Dalam hal menjaga kelestarian anggrek Meratus erat kaitannya dengan kebiasaan atau Kearifan lokal masyarakat Dayak Meratus dalam menjaga Hutan yang merupakan habitat bagi Anggrek.
Berdasarkan penelitian yang dilakukan LPMA Borneo Selatan, masyarakat adat Dayak Meratus memberlakukan wilayah ’katuan larangan’ (hutan larangan). Dalam wilayah itu, segala aktivitas pemanfaatan lahan seperti ’bahuma atau manugal’ (bertani atau berladang) tidak diperbolehkan.
.
Katuan larangan’ diperuntukkan dan diyakini sebagai tempat bersemayamnya arwah leluhur. Pohon di wilayah itu tidak boleh di tebang. Pemanfaatan hutan hanya sebatas hasil hutan non kayu.  Wilayah itu biasanya terletak di ketinggian diatas 700 meter dari permukaan laut.  Pada ketinggian inilah hidup anggrek yang tumbuh baik pada suhu hangat  26-35°C pada siang hari dan 18-24°C pada malam hari misalnya   jenis Phalaenopsis, Vanda dan Dendrobium.
Ada lagi wilayah ’katuan adat’ (hutan adat). Wilayah tersebut milik Balai yang sebagian boleh dibuka untuk ’bahuma’. Masyarakat sekitar Balai diperbolehkan menebang pohon untuk kebutuhan membangun rumah dan kayu bakar di wilayah itu.

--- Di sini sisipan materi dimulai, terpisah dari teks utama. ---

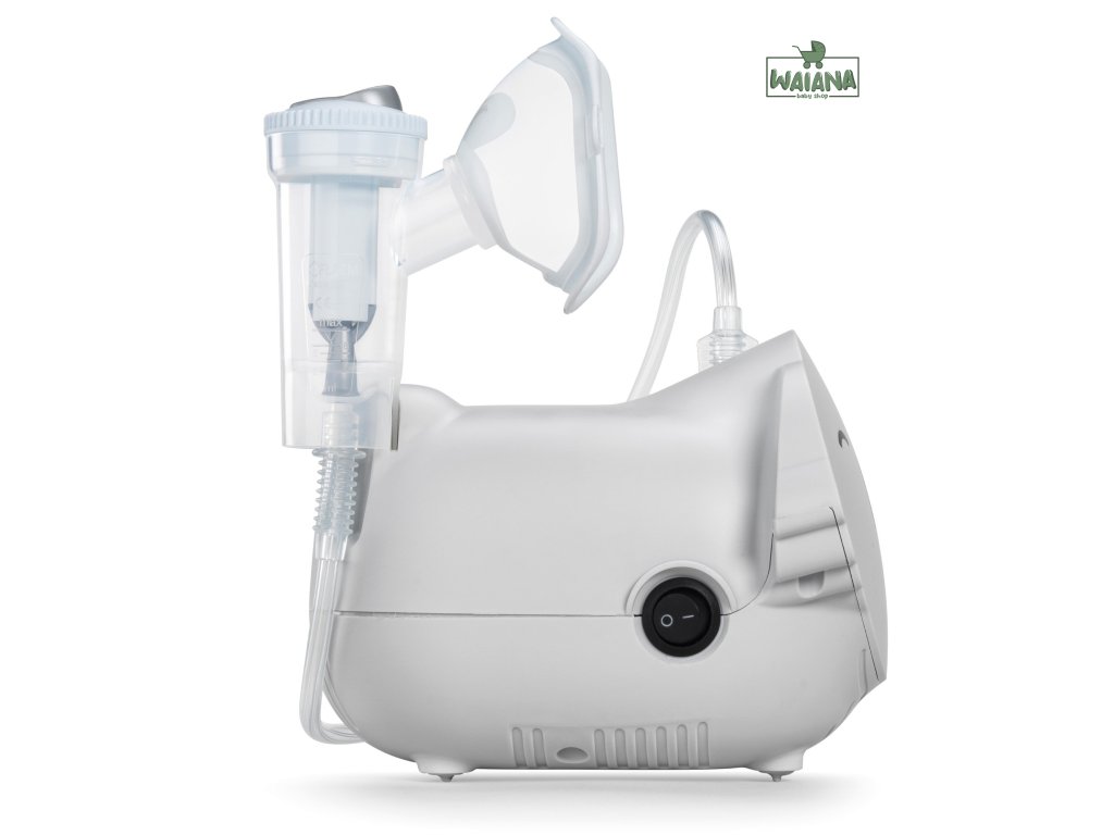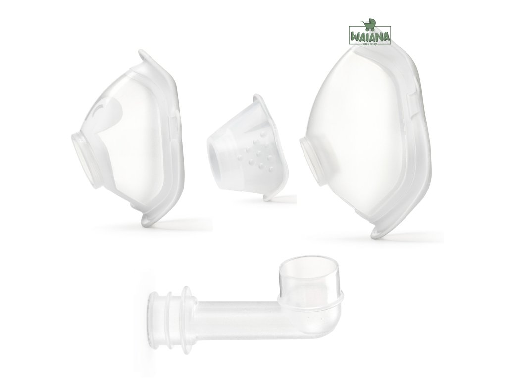 Najmenšia maska je vybavená plastovým konektorom zahnutým pod uhlom 90°, ideálnym na podávanie liekov ležiacemu dieťaťu. Špeciálny otvor v trubici konektora zabraňuje uduseniu a zároveň je rozprašovanie veľmi bezpečné. Toto je pohodlné riešenie pre rodičov, najmä tých, ktorí používajú inhalátor prvýkrát.

Di wilayah ’katuan adat’ boleh ditanami tanaman perkebunan atau tanaman keras setelah tidak lagi dipergunakan untuk ’bahuma’. Masyarakat setempat menyebutnya dengan istilah ’jurungan’ atau wilayah bekas ladang yang ditinggalkan untuk kemudian didatangi kembali.

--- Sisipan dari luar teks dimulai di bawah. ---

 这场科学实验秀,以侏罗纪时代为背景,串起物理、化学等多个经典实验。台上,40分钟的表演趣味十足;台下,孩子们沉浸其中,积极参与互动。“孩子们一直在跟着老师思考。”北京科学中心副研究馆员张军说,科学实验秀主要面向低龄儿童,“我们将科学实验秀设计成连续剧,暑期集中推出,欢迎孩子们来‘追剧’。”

Sungguh hubungan manusia dengan alam yang sangat harmonis, sayangnya kearifan lokal ini tidak dimiliki oleh masyarakat  pada umumnya sehingga intervensi dan kegiatan ilegal di Hutan Meratus masih tetap terjadi. Sehingga mengancam habitat anggrek yang berujung pada terancamnya spesies anggrek-anggrek  Meratus, sudah sepatutnya ‘Ratu para bunga’ Meratus ini  perlu mendapat perhatian lebih serius lagi, terlebih untuk spesies-spesies yang kini mulai langka seperti Phalaenopsis amabilis pelaihari dan Spatoglothis zurea.